▶ [Directions]:
From the material below, copy exactly the lines beginning with the one that contains "Plug para fone" and ending with the one that contains "- [ホーム]タブの[ノートシール]の[その他]をクリックします。"; the pictures stay out.

▶ [Information given]:
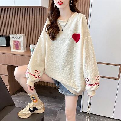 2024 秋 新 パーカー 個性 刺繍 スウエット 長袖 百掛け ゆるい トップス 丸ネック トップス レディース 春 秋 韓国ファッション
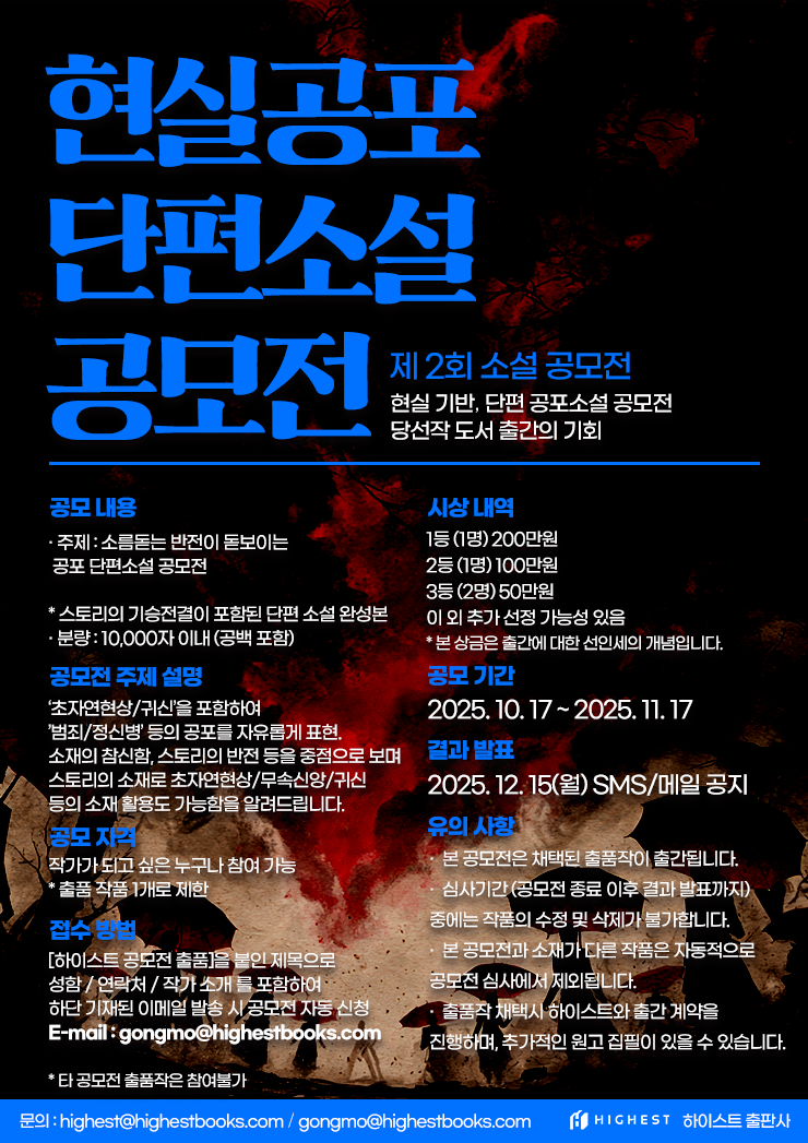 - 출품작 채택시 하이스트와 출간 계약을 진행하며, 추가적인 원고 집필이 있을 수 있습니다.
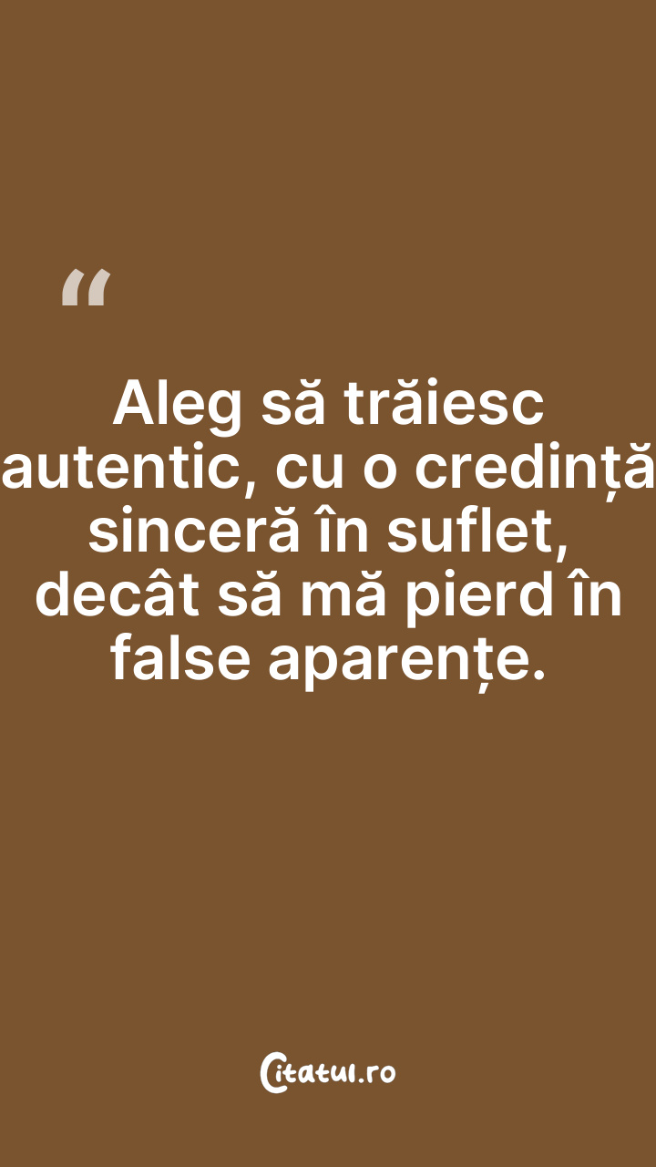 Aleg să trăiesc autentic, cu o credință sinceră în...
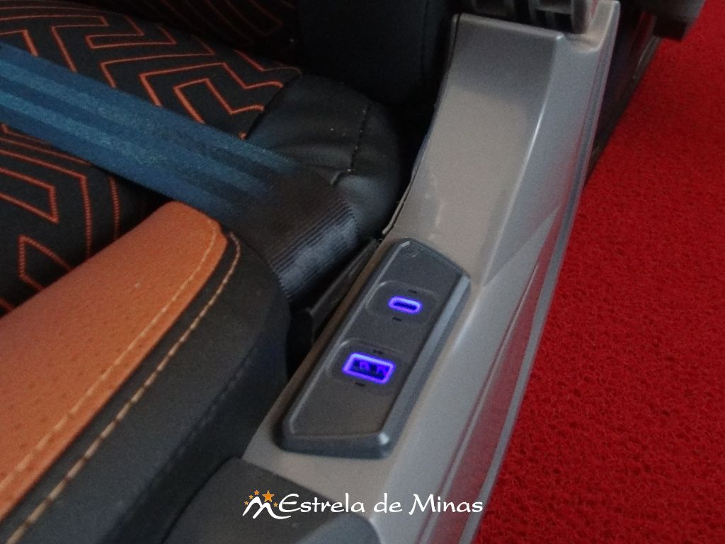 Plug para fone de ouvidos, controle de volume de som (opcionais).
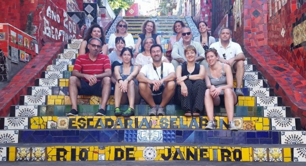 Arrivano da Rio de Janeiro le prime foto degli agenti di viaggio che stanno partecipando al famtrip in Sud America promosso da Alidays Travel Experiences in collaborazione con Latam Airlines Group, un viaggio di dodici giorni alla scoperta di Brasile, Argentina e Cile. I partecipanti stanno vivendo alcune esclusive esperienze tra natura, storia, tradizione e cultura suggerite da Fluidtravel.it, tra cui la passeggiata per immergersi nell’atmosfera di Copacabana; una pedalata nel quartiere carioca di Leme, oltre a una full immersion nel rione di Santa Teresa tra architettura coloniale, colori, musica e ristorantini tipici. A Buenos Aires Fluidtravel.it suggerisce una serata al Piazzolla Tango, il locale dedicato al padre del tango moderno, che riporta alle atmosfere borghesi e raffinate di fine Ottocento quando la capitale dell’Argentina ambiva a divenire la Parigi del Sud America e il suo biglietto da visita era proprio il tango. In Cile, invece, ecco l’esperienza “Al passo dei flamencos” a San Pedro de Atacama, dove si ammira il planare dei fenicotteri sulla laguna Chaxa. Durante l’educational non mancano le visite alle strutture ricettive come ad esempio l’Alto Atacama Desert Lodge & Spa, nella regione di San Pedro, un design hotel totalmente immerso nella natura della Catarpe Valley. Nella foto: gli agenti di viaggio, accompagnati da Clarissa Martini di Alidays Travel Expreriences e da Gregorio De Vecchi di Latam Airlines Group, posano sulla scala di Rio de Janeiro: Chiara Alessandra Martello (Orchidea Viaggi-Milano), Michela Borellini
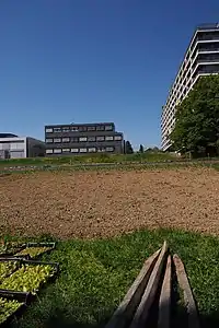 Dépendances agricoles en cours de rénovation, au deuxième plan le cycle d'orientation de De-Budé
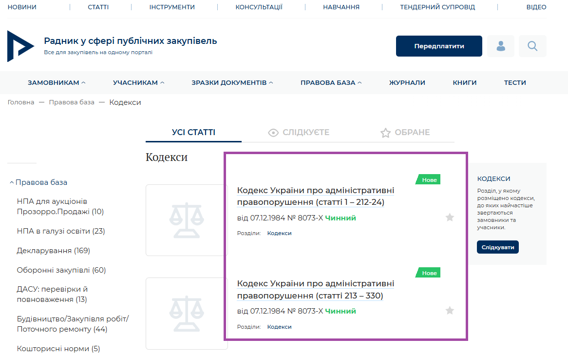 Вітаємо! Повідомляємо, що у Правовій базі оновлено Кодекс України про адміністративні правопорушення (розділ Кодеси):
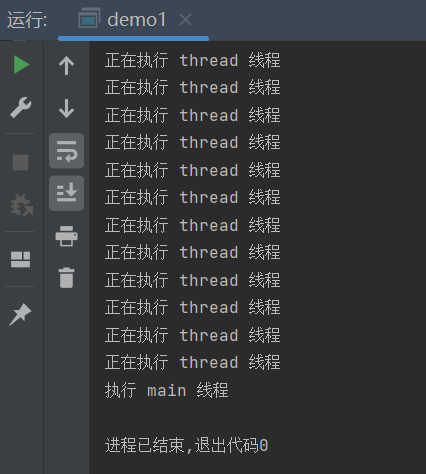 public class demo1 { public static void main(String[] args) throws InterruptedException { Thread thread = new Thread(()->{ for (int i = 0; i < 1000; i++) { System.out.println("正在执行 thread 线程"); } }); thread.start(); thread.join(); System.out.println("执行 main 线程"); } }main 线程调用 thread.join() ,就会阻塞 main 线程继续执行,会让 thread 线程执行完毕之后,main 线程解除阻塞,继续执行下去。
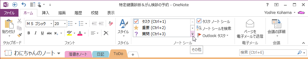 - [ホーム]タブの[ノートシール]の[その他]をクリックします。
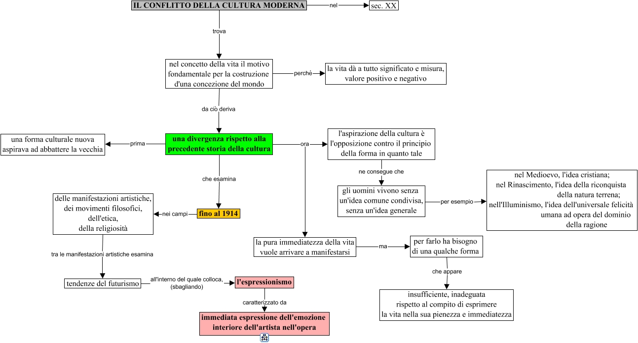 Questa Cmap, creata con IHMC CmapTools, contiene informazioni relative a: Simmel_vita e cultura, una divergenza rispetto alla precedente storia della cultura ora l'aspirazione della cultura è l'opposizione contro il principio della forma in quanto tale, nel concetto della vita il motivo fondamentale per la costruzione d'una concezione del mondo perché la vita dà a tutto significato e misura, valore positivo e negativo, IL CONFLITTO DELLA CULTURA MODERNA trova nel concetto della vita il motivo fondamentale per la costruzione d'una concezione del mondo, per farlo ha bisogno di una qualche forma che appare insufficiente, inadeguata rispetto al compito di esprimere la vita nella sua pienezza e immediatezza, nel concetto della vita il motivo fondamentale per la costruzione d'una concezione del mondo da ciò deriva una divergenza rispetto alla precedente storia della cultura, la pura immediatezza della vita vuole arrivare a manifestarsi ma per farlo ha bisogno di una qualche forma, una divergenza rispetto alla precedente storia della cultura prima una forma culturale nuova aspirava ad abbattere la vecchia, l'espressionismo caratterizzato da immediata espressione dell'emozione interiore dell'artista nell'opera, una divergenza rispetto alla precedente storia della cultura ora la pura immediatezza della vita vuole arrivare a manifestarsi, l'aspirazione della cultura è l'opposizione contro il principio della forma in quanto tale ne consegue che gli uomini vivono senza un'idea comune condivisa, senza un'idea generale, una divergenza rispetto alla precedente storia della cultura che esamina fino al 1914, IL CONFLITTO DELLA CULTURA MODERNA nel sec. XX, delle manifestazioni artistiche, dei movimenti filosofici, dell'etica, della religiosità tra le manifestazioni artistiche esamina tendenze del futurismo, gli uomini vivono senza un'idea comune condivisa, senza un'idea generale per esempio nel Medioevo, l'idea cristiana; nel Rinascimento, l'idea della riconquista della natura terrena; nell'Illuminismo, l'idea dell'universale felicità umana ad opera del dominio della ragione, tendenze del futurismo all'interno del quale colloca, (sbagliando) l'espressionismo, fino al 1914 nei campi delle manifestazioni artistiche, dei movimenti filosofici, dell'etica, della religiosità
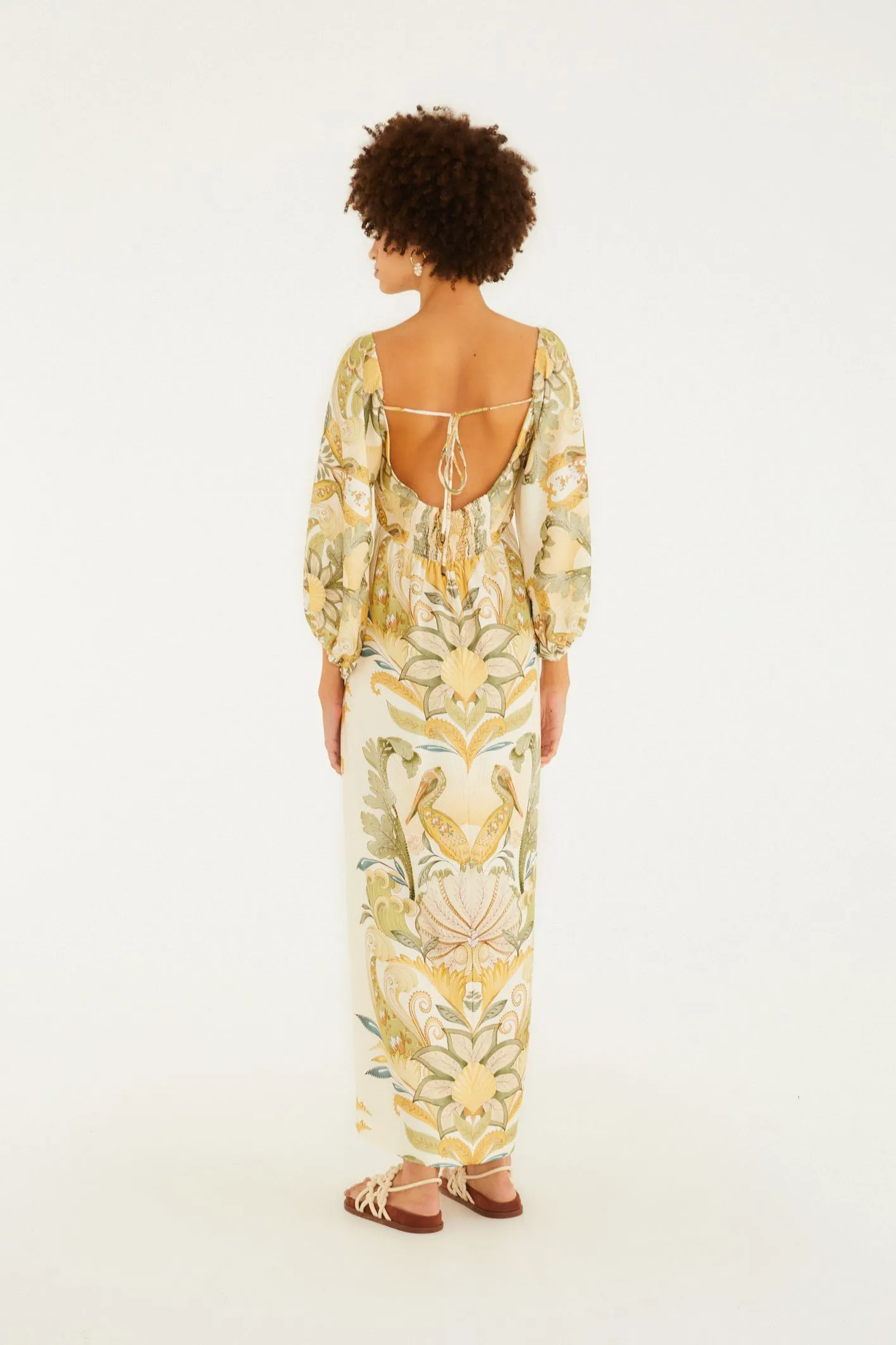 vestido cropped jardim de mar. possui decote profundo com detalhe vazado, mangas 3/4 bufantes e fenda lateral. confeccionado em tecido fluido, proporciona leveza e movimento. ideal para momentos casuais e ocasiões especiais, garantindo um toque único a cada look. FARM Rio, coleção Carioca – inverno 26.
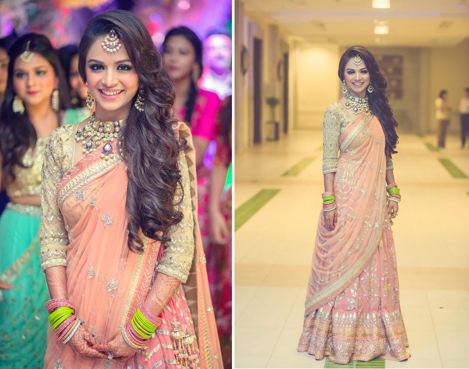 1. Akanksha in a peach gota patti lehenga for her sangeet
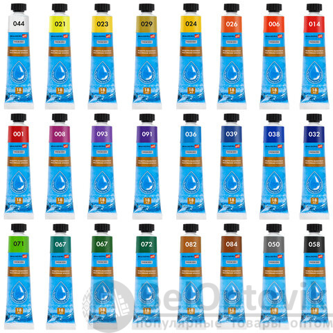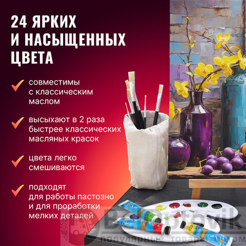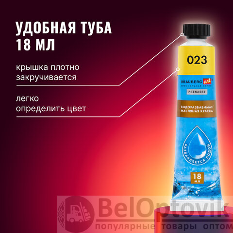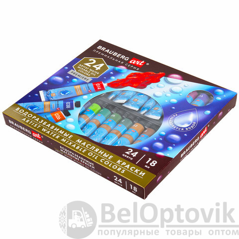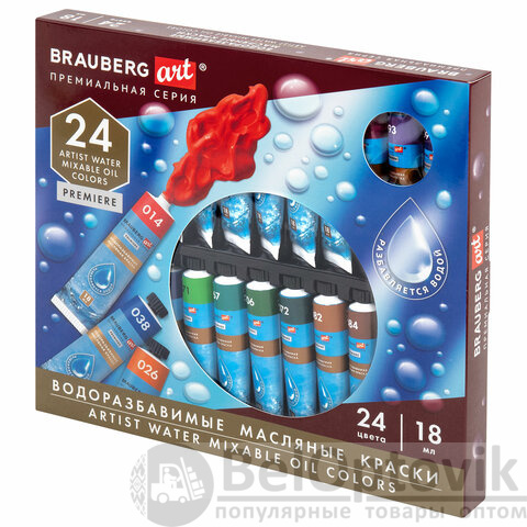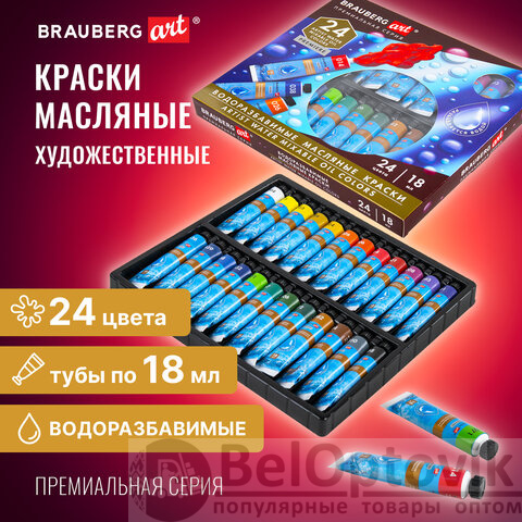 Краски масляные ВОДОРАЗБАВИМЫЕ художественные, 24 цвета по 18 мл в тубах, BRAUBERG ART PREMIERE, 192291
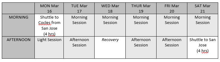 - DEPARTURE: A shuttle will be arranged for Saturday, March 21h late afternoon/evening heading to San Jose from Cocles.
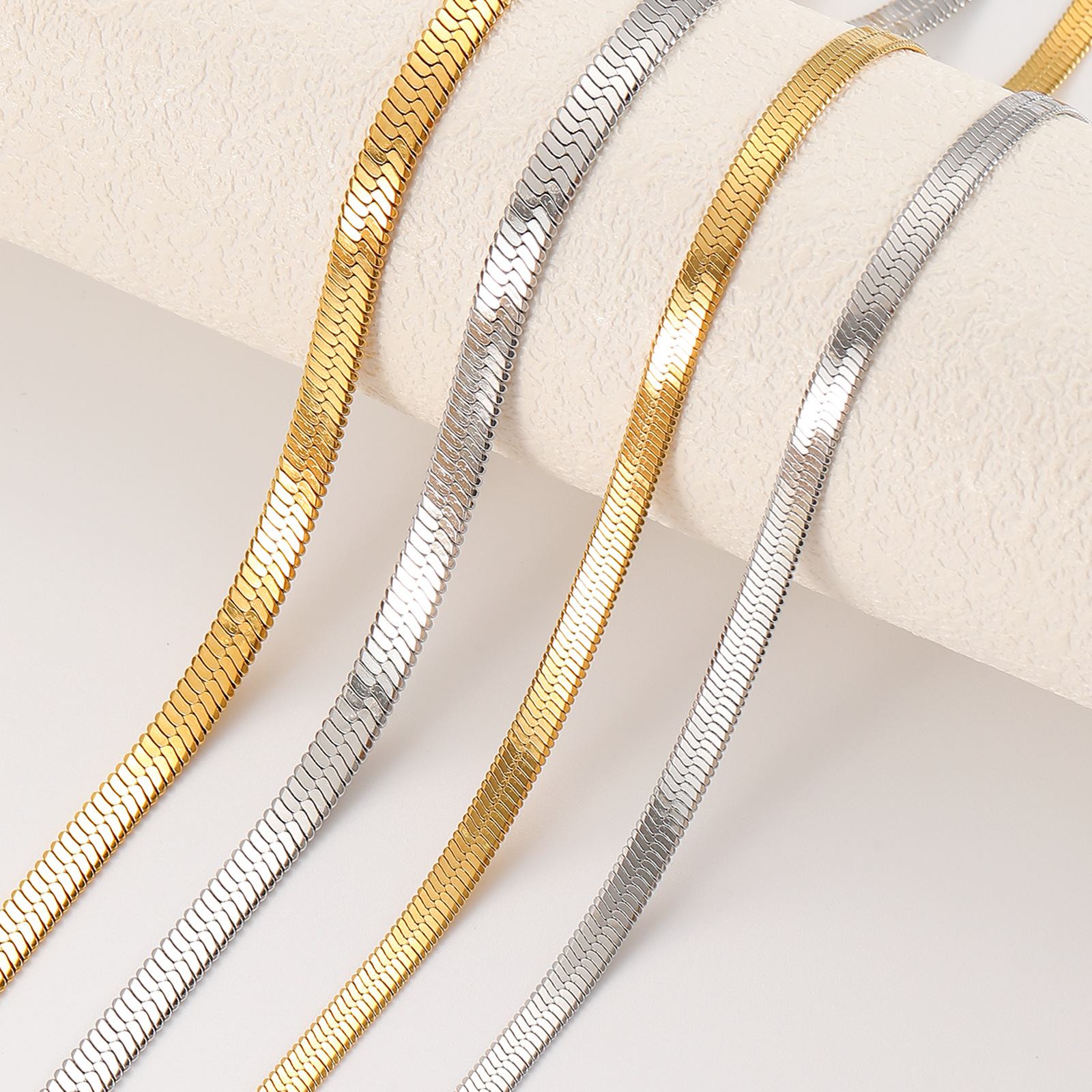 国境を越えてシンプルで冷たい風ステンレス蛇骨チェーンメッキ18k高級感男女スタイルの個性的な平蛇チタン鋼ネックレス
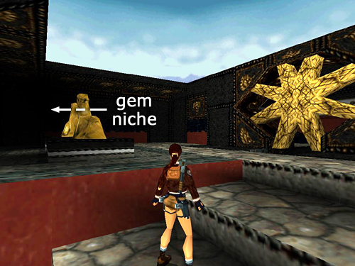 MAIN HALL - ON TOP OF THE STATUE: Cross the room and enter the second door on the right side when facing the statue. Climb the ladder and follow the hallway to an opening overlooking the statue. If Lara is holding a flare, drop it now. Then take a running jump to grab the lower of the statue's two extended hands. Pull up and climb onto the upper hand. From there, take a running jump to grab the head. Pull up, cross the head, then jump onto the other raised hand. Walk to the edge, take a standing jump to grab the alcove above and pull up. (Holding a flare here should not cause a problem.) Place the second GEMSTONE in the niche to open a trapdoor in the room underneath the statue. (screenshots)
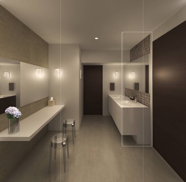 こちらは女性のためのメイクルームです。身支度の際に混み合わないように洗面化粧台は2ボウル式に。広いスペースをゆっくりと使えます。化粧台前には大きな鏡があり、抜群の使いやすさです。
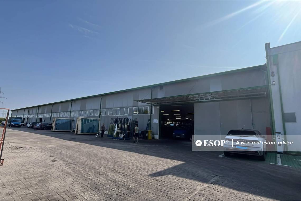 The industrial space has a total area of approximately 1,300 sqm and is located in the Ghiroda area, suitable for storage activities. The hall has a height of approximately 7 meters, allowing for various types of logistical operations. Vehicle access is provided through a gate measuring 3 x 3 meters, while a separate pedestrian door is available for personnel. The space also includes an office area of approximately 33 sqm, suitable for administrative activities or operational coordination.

▶ [Response to this task]:
 Plug para fone de ouvidos, controle de volume de som (opcionais).
 Arrivano da Rio de Janeiro le prime foto degli agenti di viaggio che stanno partecipando al famtrip in Sud America promosso da Alidays Travel Experiences in collaborazione con Latam Airlines Group, un viaggio di dodici giorni alla scoperta di Brasile, Argentina e Cile. I partecipanti stanno vivendo alcune esclusive esperienze tra natura, storia, tradizione e cultura suggerite da Fluidtravel.it, tra cui la passeggiata per immergersi nell’atmosfera di Copacabana; una pedalata nel quartiere carioca di Leme, oltre a una full immersion nel rione di Santa Teresa tra architettura coloniale, colori, musica e ristorantini tipici. A Buenos Aires Fluidtravel.it suggerisce una serata al Piazzolla Tango, il locale dedicato al padre del tango moderno, che riporta alle atmosfere borghesi e raffinate di fine Ottocento quando la capitale dell’Argentina ambiva a divenire la Parigi del Sud America e il suo biglietto da visita era proprio il tango. In Cile, invece, ecco l’esperienza “Al passo dei flamencos” a San Pedro de Atacama, dove si ammira il planare dei fenicotteri sulla laguna Chaxa. Durante l’educational non mancano le visite alle strutture ricettive come ad esempio l’Alto Atacama Desert Lodge & Spa, nella regione di San Pedro, un design hotel totalmente immerso nella natura della Catarpe Valley. Nella foto: gli agenti di viaggio, accompagnati da Clarissa Martini di Alidays Travel Expreriences e da Gregorio De Vecchi di Latam Airlines Group, posano sulla scala di Rio de Janeiro: Chiara Alessandra Martello (Orchidea Viaggi-Milano), Michela Borellini
 Dépendances agricoles en cours de rénovation, au deuxième plan le cycle d'orientation de De-Budé
 Вітаємо! Повідомляємо, що у Правовій базі оновлено Кодекс України про адміністративні правопорушення (розділ Кодеси):
 public class demo1 { public static void main(String[] args) throws InterruptedException { Thread thread = new Thread(()->{ for (int i = 0; i < 1000; i++) { System.out.println("正在执行 thread 线程"); } }); thread.start(); thread.join(); System.out.println("执行 main 线程"); } }main 线程调用 thread.join() ,就会阻塞 main 线程继续执行,会让 thread 线程执行完毕之后,main 线程解除阻塞,继续执行下去。
 - [ホーム]タブの[ノートシール]の[その他]をクリックします。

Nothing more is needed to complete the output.